As premiums rise, it is reasonable to assume that employers will attempt to constrain their costs.[13] Workers could be expected to shoulder more of their medical expenses directly either by being required to pay a greater share of the employer’s premiums or by having increased cost-sharing requirements. Premium hikes for Medicare benefits (i.e. now required for non-hospital services and drug coverage) and for health insurance policies supplementing Medicare (i.e., Medigap policies) would likely have a similar effect on the aged. Large premium increases may cause policymakers to impose higher medical deductibles or coinsurance and may cause recipients to seek less expensive supplemental coverage with higher cost-sharing requirements. When such out-of-pocket expenses would have a restraining impact on medical prices is uncertain. Moreover, as they emerge, policymakers could step in and require governments to assume an even greater share of the burden. The tension, however, between further governmental absorption of out-of-pocket costs and governmental budgets will only grow stronger as costs already imbedded in public programs rise.

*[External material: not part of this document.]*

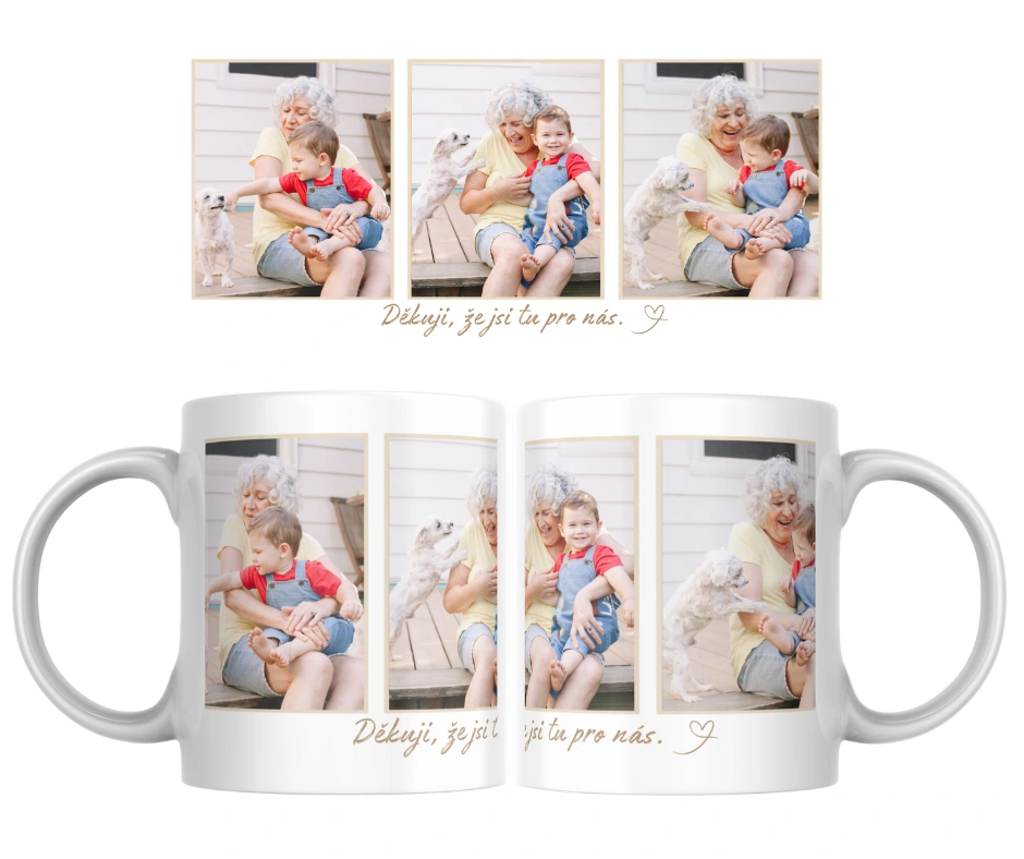 Velikost jedné fotografie na hrnku je přibližně 6,2 × 7 cm.

The continuing rise in medical costs has promoted calls for fundamental change of the nation’s health care systems. Some advocate greater governmental intervention to directly or indirectly control prices and utilization. Others believe greater free market competition in insuring those costs offers the most promising route. Still others believe that medical technology and innovation, greater advocacy of healthier lifestyles, promoting increased case management practices, and making further applications of information technology to the dissemination of effective medical advances and the paperwork “maze” for treatment and services will make the health care system considerably less costly.

Thus far, there appears to be no consensus about what the best solution to the rising price tag for health care might be. Given that uncertainty, it is likely that some combination of the various major policy prescriptions will evolve and be implemented as the cost pressures, both public and private, magnify in the years to come.

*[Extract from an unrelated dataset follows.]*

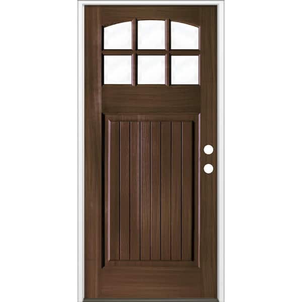36 in. x 80 in. Craftsman 6 Lite V Groove Arch Top Black Stain Left-Hand/Inswing Hemlock Prehung Front Door
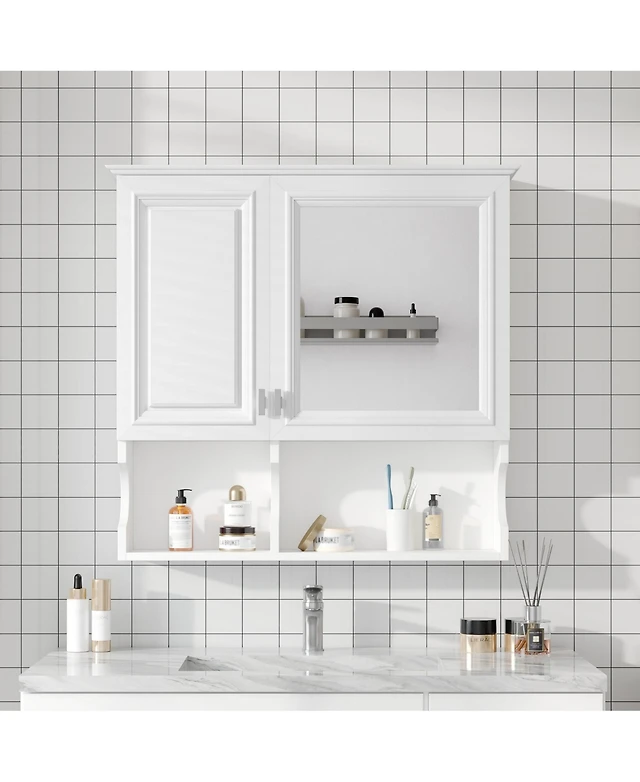 Volenca Bathroom Wall Cabinet, 2 Doors, Adjustable Shelf, Wall-Mounted Over-Toilet Storage w/ Open Shelves, White

[1] As measured by the Consumer Price Index for All-Urban Consumers, Bureau of Labor Statistics, U.S. Department of Labor.
[2]Trends in the MCBS, 1992-2000, Center for Medicare and Medicaid Services.
[3]SeeMedicare Current Beneficiary Survey, Center for Medicare and Medicaid Services, and Older Americans 2000: Key Indicators of Well-being, Federal Interagency Forum on Aging-Related Statistics.
[4]Trends in the MCBS, 1992-2000, loc. cit.
[5]The Long Term Budget Outlook, Congressional Budget Office, December 2003.
[6]Trends in Medicare Expenditures and Financial Status, loc. cit. It should be noted that recent legislation raised the Part B deductible to $110 in 2005, and larger premiums for high-income enrollees will be phased in over a five-year period beginning in 2007.
[7] The Long Term Budget Outlook, CBO, loc. cit.
[8] See The 2004 Annual Report of the Board of Trustees of the Federal Hospital Insurance and Federal Supplementary Medical Insurance Trust Funds, Washington, D.C., March 23, 2004.
[9] The Long-Term Budget Outlook, loc. cit.
[10]The 2004 Annual Report of the Board of Trustees of the Federal Hospital Insurance and Federal Supplementary Medical Insurance Trust Funds, loc. cit. Hospital Insurance (HI) is Part A of Medicare; Supplementary Medical Insurance (SMI) is made up of the traditional Part B and the new Part D prescription drug benefit.
[11]Health Care Costs, National Coalition on Health Care, 2004.
[12] Cost of Health Insurance, Employer Health Benefits: 2004 Annual Survey,Kaiser Family Foundation.
[13] A study by the Washington Business Group on Health, representing nearly 200 major employers, found that 80 percent of employers offering employee health insurance planned to increase co-payments or cost sharing in 2003, compared with 65 percent who answered that way in 2001. In a more recent study, the group found that 57 percent planned to increase cost sharing for 2004. (Martinez, As Health Costs Increase, Workers Must Pay More,” Wall Street Journal , June 16, 2003.) A New York Times article reported that “After corporate income taxes, employee benefits are the second largest structural cost for American manufacturers, adding 5.8 percent to costs.” (Daniel Gross, Whose Problem is Health Care, The New York Times, February 8, 2004.)